→ AIM OF THE EXERCISE:
Count up the lines below that include the string "with" and report the number by itself.

→ INFORMATION SHOWN:
*** Begin section ***

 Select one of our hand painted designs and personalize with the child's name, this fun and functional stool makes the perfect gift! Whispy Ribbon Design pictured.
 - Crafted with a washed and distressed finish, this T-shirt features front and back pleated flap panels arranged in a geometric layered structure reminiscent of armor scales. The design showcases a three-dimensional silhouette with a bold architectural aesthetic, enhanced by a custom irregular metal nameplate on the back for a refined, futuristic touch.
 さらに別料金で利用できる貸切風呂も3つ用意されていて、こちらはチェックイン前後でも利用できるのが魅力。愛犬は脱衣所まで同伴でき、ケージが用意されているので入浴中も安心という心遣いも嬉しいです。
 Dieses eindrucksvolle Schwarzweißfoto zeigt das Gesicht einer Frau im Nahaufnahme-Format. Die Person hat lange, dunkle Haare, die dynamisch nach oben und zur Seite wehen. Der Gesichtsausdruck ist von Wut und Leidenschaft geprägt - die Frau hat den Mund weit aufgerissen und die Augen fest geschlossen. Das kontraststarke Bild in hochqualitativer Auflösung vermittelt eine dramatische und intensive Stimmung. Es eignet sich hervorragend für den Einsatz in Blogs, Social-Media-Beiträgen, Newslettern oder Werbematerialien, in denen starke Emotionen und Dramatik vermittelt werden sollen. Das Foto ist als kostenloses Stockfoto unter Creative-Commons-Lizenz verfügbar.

*** End section ***

→ ANSWER SECTION:
2